● Work required
Reproduce verbatim all of the data given below, but do not carry over the images.

● Data segment

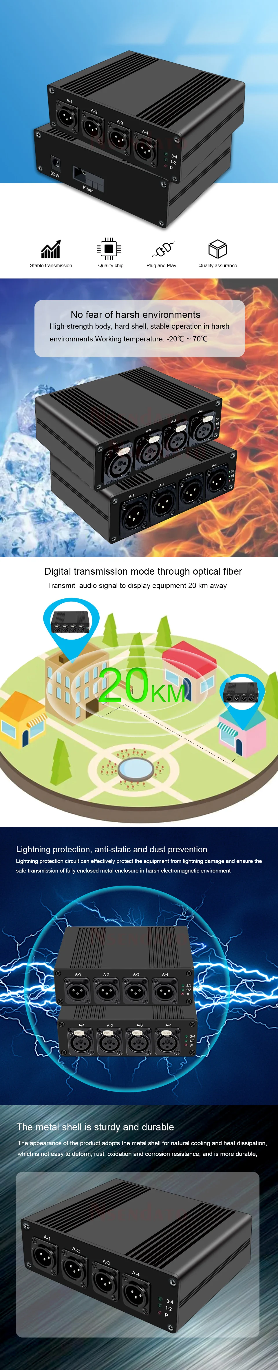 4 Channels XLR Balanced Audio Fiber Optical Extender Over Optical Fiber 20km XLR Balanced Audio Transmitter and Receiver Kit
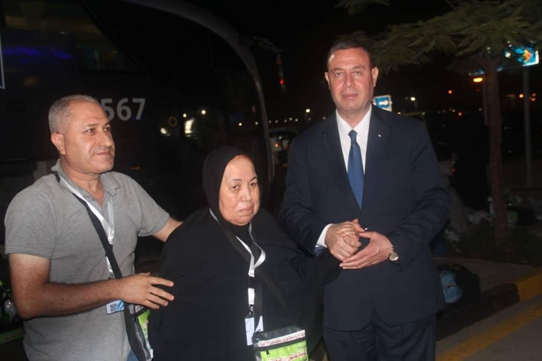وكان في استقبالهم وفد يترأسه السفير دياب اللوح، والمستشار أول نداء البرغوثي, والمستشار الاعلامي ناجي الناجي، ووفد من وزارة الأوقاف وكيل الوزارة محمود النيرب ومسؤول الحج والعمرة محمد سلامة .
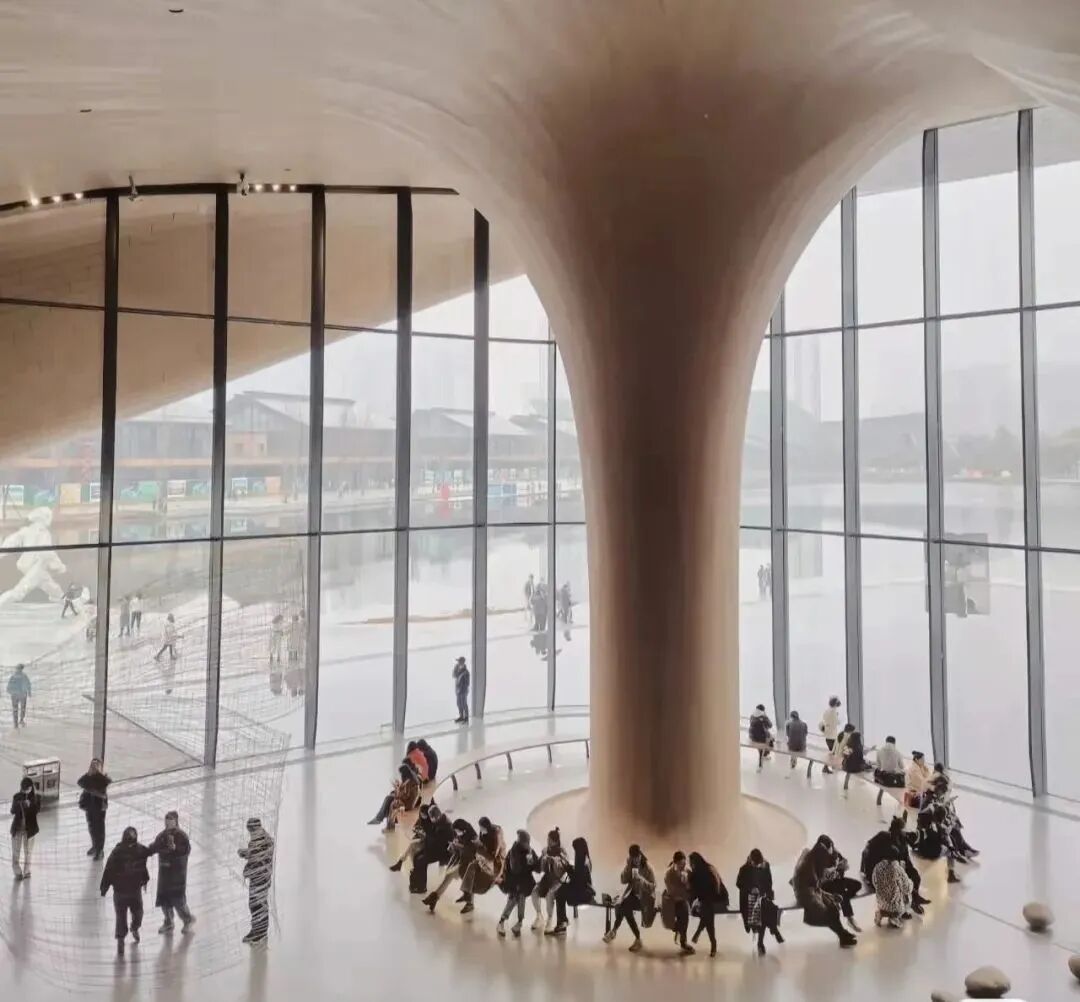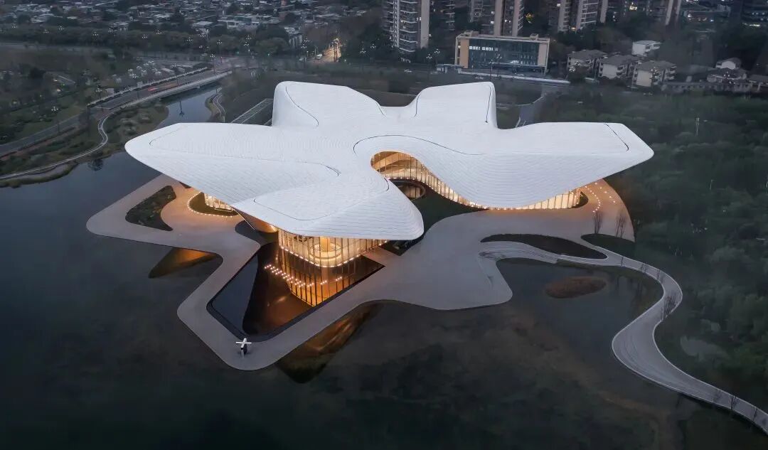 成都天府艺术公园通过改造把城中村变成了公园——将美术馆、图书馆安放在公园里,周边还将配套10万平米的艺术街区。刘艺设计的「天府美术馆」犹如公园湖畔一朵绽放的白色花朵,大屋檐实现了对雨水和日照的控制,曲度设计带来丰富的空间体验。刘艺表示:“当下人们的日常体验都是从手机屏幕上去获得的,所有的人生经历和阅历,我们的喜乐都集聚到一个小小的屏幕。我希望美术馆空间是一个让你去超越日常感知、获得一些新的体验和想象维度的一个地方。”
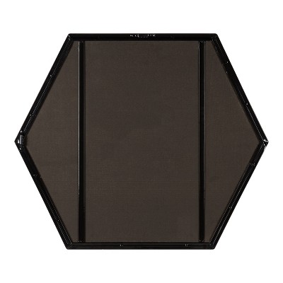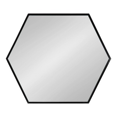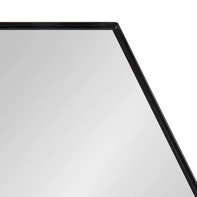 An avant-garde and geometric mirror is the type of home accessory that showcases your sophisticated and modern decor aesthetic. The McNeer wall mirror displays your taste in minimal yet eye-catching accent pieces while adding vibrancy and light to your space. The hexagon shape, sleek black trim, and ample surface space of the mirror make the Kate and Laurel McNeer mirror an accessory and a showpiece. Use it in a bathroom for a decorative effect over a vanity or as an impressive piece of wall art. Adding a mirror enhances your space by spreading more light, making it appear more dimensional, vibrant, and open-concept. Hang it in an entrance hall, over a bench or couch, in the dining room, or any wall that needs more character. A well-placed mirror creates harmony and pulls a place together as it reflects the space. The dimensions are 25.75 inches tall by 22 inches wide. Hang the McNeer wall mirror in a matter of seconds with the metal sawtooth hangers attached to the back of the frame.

● Written solution
 4 Channels XLR Balanced Audio Fiber Optical Extender Over Optical Fiber 20km XLR Balanced Audio Transmitter and Receiver Kit
وكان في استقبالهم وفد يترأسه السفير دياب اللوح، والمستشار أول نداء البرغوثي, والمستشار الاعلامي ناجي الناجي، ووفد من وزارة الأوقاف وكيل الوزارة محمود النيرب ومسؤول الحج والعمرة محمد سلامة .
 成都天府艺术公园通过改造把城中村变成了公园——将美术馆、图书馆安放在公园里,周边还将配套10万平米的艺术街区。刘艺设计的「天府美术馆」犹如公园湖畔一朵绽放的白色花朵,大屋檐实现了对雨水和日照的控制,曲度设计带来丰富的空间体验。刘艺表示:“当下人们的日常体验都是从手机屏幕上去获得的,所有的人生经历和阅历,我们的喜乐都集聚到一个小小的屏幕。我希望美术馆空间是一个让你去超越日常感知、获得一些新的体验和想象维度的一个地方。”
 An avant-garde and geometric mirror is the type of home accessory that showcases your sophisticated and modern decor aesthetic. The McNeer wall mirror displays your taste in minimal yet eye-catching accent pieces while adding vibrancy and light to your space. The hexagon shape, sleek black trim, and ample surface space of the mirror make the Kate and Laurel McNeer mirror an accessory and a showpiece. Use it in a bathroom for a decorative effect over a vanity or as an impressive piece of wall art. Adding a mirror enhances your space by spreading more light, making it appear more dimensional, vibrant, and open-concept. Hang it in an entrance hall, over a bench or couch, in the dining room, or any wall that needs more character. A well-placed mirror creates harmony and pulls a place together as it reflects the space. The dimensions are 25.75 inches tall by 22 inches wide. Hang the McNeer wall mirror in a matter of seconds with the metal sawtooth hangers attached to the back of the frame.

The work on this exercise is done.